Parallel Execution on SQL Server 2016

There are a number of interesting questions in parallel execution performance that can be investigated using the TPC-H kit, which has a data generator. There are also supplemental files that accompany published results. Important questions in parallel execution are: scaling versus degree of parallelism (DOP) on physical cores, Hyper-Threading, Compression and Columnstore. (Memory optimized tables support parallel plans in 2016? perhaps in a later post.) To be clear, the TPC-H data generator (dbgen) and queries are used here, but no attempt is made to adhere to the TPC-H benchmark requirements (there are some outright departures). The material reported here are only for purpose of studying parallel execution characteristics.

In brief, the findings are as follows. The sum average performance gain from Hyper-Threading over the 22 TPC-H queries is 23%, in line with characteristics observed in SQL Server version 2012. (Official TPC-H results use a geometric mean.) There used to be an anomalous behavior on SQL Server 2012 in which performance was better with HT enabled and the second logical processor idle over HT disabled, even for single-threaded execution as reported in Hyper Threading. Compression has an average overhead of 20% across all DOP levels. For SQL Server 2008, I had reported in SF 10 that compression overhead was 40% between DOP 1-8, then decreases to less than 10% at DOP 32. The test circumstances were different, and may have been related to the NUMA effects of an 8-way system. Columnstore performance is excellent and should be considered whenever practical.

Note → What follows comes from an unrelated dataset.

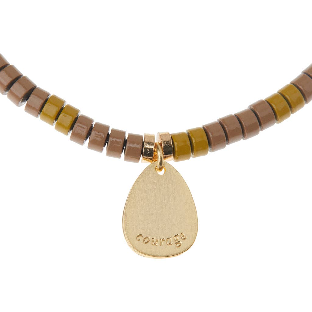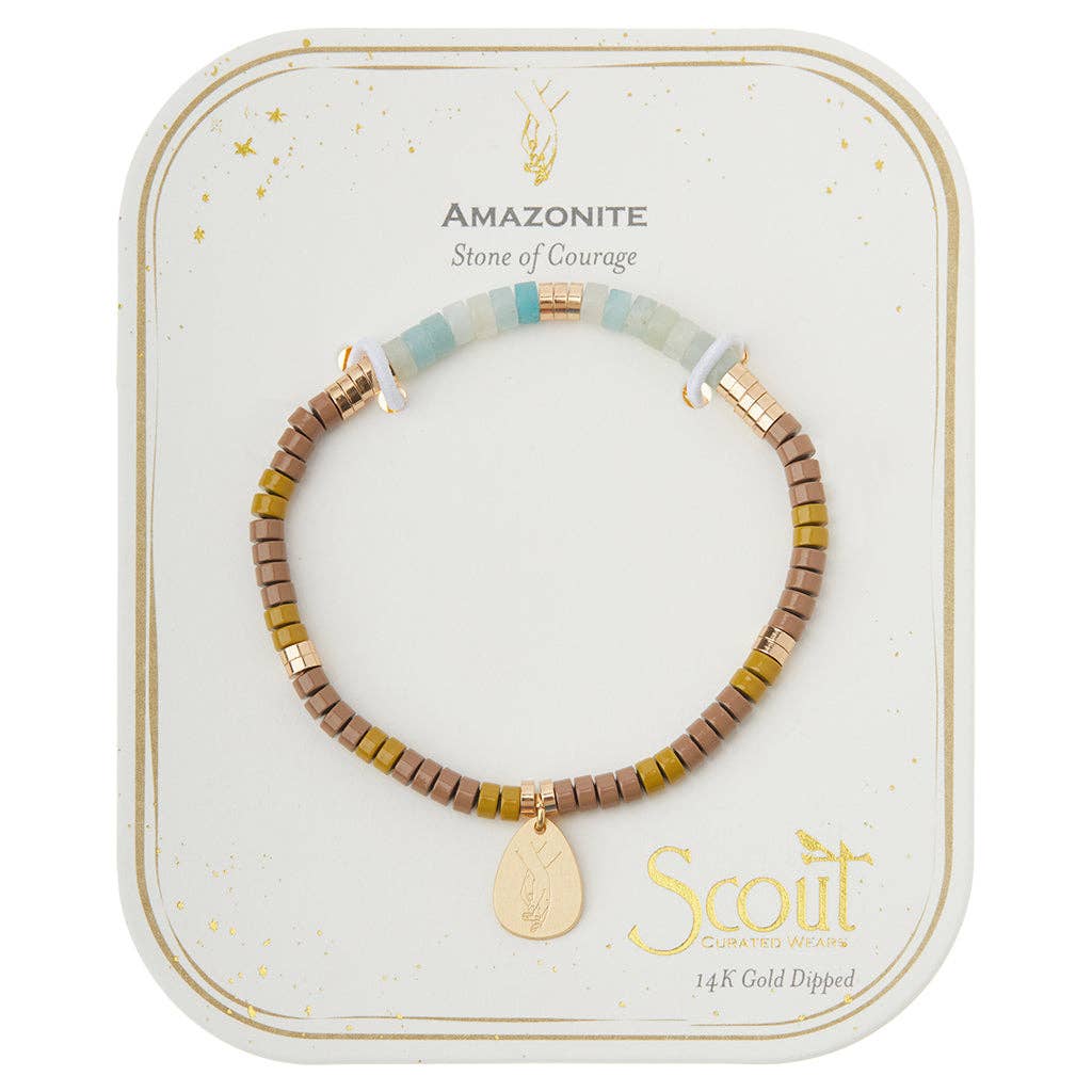 Crafted with purpose. Semi precious stones with positive properties and enamel beads incircle an icon charm engraved with a positive intention. • Materials: Real semi-precious stone beads & enamel beads, stretch cord, Sterling Silver dipped charm. • Every charm is engraved with an icon that reflects the stone's properties. • Beads are on stretch cord so the bracelet can fit a variety of wrist sizes. • Presented on cards that tell the meaning and properties of each stone. Amazonite: Stone of Courage

  • Hyper-Threading performance boost 23% in parallel DW queries
  • HT anomalous performance gain in version 2012 at DOP 1 no more
  • Page compression overhead 20%, down from 40% in 2008
  • Columnstore should run one per physical core, HT can be enabled

Test Environment

The test system is a single socket Intel Xeon E5-2630 v4 10-core 2.2GHz processor with 64GB memory. Storage is 4 Intel P750 PCI-E NVMe SSDs for data and temp, and one SATA SSD for logs. The software stack is Windows Server 2016 and SQL Server 2016 SP1. SQL Server was limited to 32GB for results reported here.

The data is generated using dbgen from the TPC-H kit at scale factor 100. This used to mean the Lineitem table is 100GB, but with a 4-byte date for three columns that were formerly 8-byte datetime, is now 80GB in row-store without compression (still 600M rows). Overall database size is 140GB. With page compression, the Lineitem table is 46GB data and overall database size is 101GB. In columnstore, total database size is 44GB.

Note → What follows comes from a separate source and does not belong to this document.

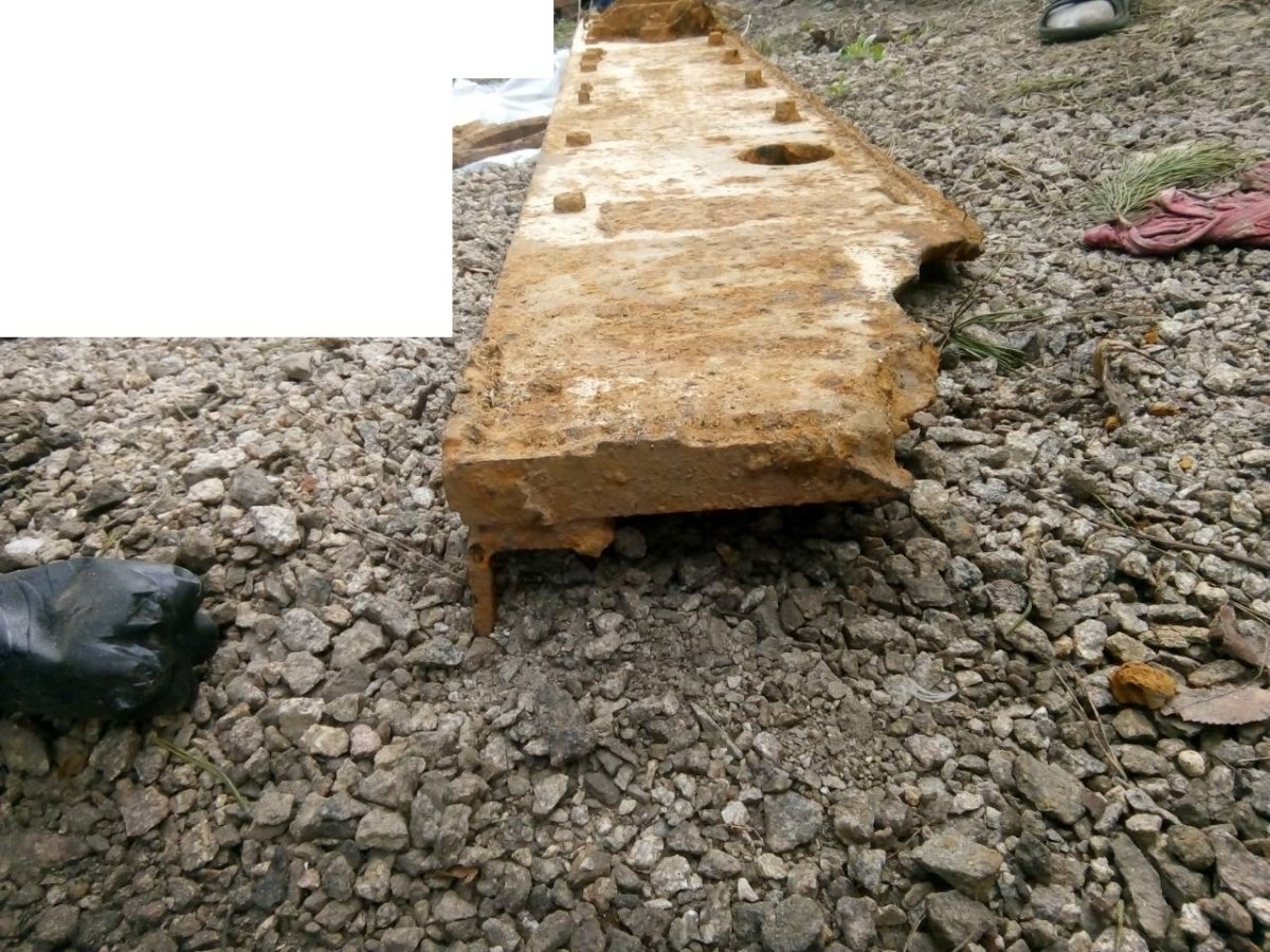 Вітаю камради! Накопався отакий шматок броні: Довжина 225см., ширина 33 см., товщина бронелиста 30, по краях 25 мм. З тильного боку металевий кутник, до якого був прикручений бронелист. Колір жовтий поверх червоного грунту. На лицьовому боці залишки механізму для якогось навісного обладнання, прикручений болтами до бронелиста: Іще навколо купа всякого металу: У кого є думки від чого це залишки?

Elsewhere, I have argued that performance characteristics are very different between scaling with multiple cores on a single socket and scaling with cores over multiple sockets. Multi-socket scaling cannot be investigated here. Conclusions should not be extrapolated beyond what is tested.

Baseline, no compression, row store

The figure below is speedup (elapsed time ratio) at various degrees of parallelism relative to DOP 1 for the baseline row-store, no compression database. Note that there are 10 physical cores. The SQL Server engine did seem to run parallel plans on separate cores except when DOP exceeds the number of cores.

Test System

Queries 5 and 15 are worse at DOP 2 than DOP 1, at 0.675 and 0.802 respectively, and Q3 is slightly slower at 0.948 relative to DOP 1. In query 3 and 5, the negative scaling from DOP 1 to 2 is caused by a change in the execution plan structure, excluding parallelism operators.

Below is focused look at scaling from DOP 1 to 2. As noted, three queries are worse at DOP 2 than 1. Several queries are almost exactly 2X better, as expected in the idea case for a parallel execution plan.

Test System

And then there are also queries that are more than 2X better at DOP 2 than 1. Q17 is 4.3X faster at DOP 2 than 1. Four others at more than 3.5X. Usually, these have the bitmap operator in the parallel plan, which is not used in a non-parallel plan. The bitmap operator has some startup cost, but can process large data sets more efficiently.

The reasonable assumption is that large queries have a parallel plan, so there is no need to employ the bitmap in non-parallel plans. There are other reasons for super-scaling. One is the set points for hash and sort operations spilling to tempdb. The setting is fixed as a fraction of system memory for each thread. At higher DOP, more memory is allocated across all threads of the parallel plan.

Below is the scaling from DOP 2 to 10, which removes the wide fluctuation that occurs between DOP 1 to 2. In the ideal parallelism case, scaling should be close to 5.

Overall, the DOP 2 to 10 scaling is more uniform, except for Q15, in which the poor scaling from 1 to 2 is recovered at DOP 4 and higher. Q15 scaling from 1 to 4 is 3.346, which is not bad, good even.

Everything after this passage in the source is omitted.